What's the possibility, I ask him, of another big riot like 2013? "We're regretting the one we did. Young boys are in jail, their future destroyed, while we miss the Muslims who left Kakda." Miss them? "They were the skilled labour here. They used to build houses and work on the farms. Now they come from wherever they have gone to – the same Muslims – to do the work," he says.

Tyagi for Muslims

Kakda village is part of Budhana constituency in Muzaffarnagar. The sitting MLA is Nawazish Alam Khan but he's been replaced by Pramod Tyagi, a Brahmin.

The BSP's candidate is Syeda Begum, whose husband Kadir Rana is an accused in the Muzaffarnagar riots, charged with having incited Muslims with inflammatory speeches. Similarly, the BJP candidate, Umesh Malik, a Jat, has six cases of rioting and hate speech in the 2013 riots.

The BJP would need a complete Hindu-Muslim polarisation to win this seat, as the largest number of voters here are Muslim, followed by Dalits and then Jats.

Speaking to Jats and Muslims alike in other places across Budhana constituency, it became clear that the RLD's Yograj Singh, also a Jat, is making it tough for the BJP's Umesh Malik to win. The BJP would need a complete Hindu-Muslim polarisation to win this seat, as the largest number of voters here are Muslim, followed by Dalits and then Jats.
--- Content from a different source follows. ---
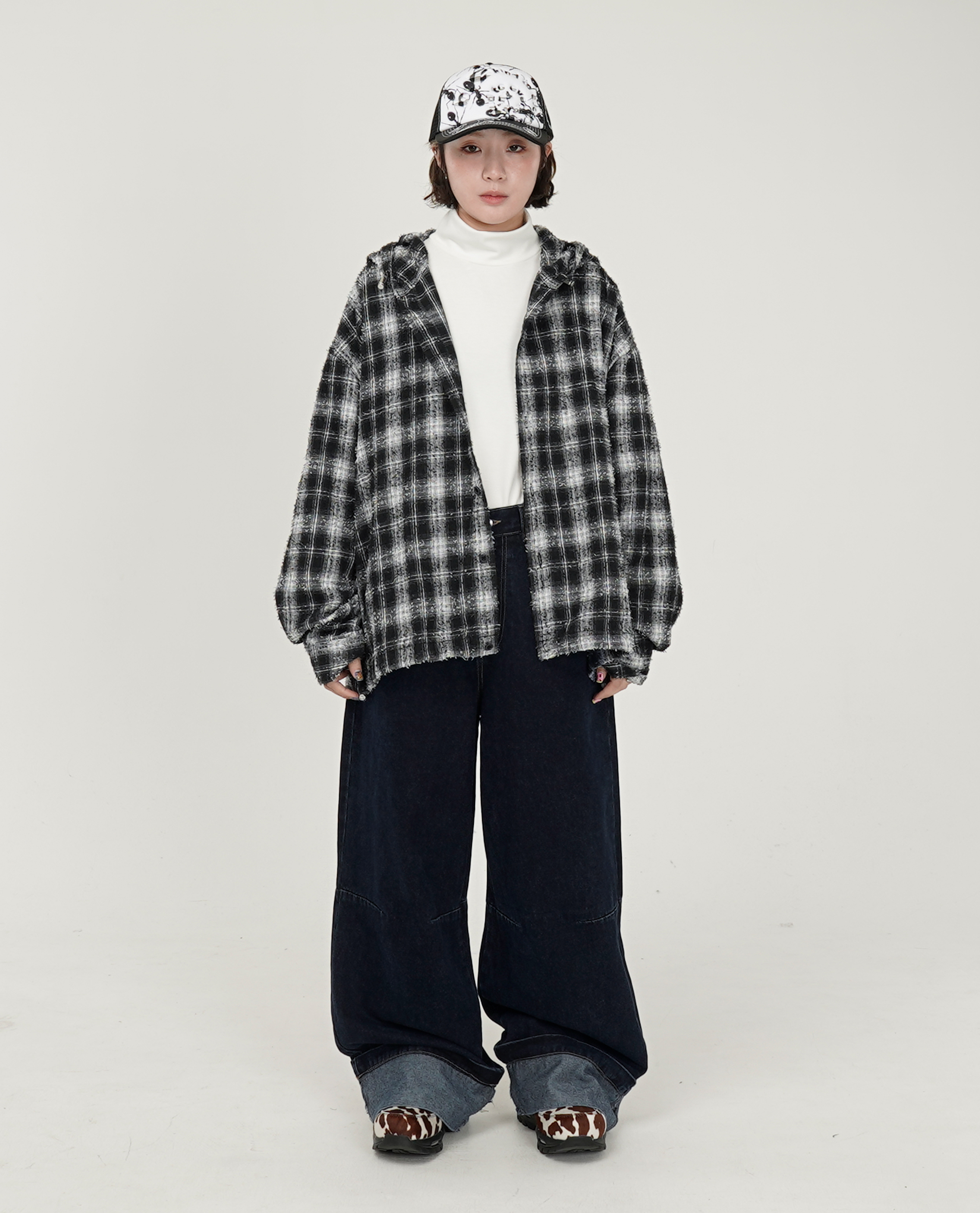 *看 Model 褲子:大反摺落地可調腰牛仔、鬆緊腰抓絨下縮口褲

Most interestingly, Muslims don't seem interested in the BSP or the Dalit-Muslim alliance offered by Mayawati. Usually, Muslims like to make a fellow-Muslim win their seat, but this time they aren't risking Hindu-Muslim polarisation. They're voting for a Hindu.

In one village, Muslims said they had welcome the SP's Pramod Tyagi like a hero, gave him money to contest this election. "We are not looking at the candidate," an old man said, "We are looking at Akhilesh. He works without discrimination, for Hindus and Muslims alike."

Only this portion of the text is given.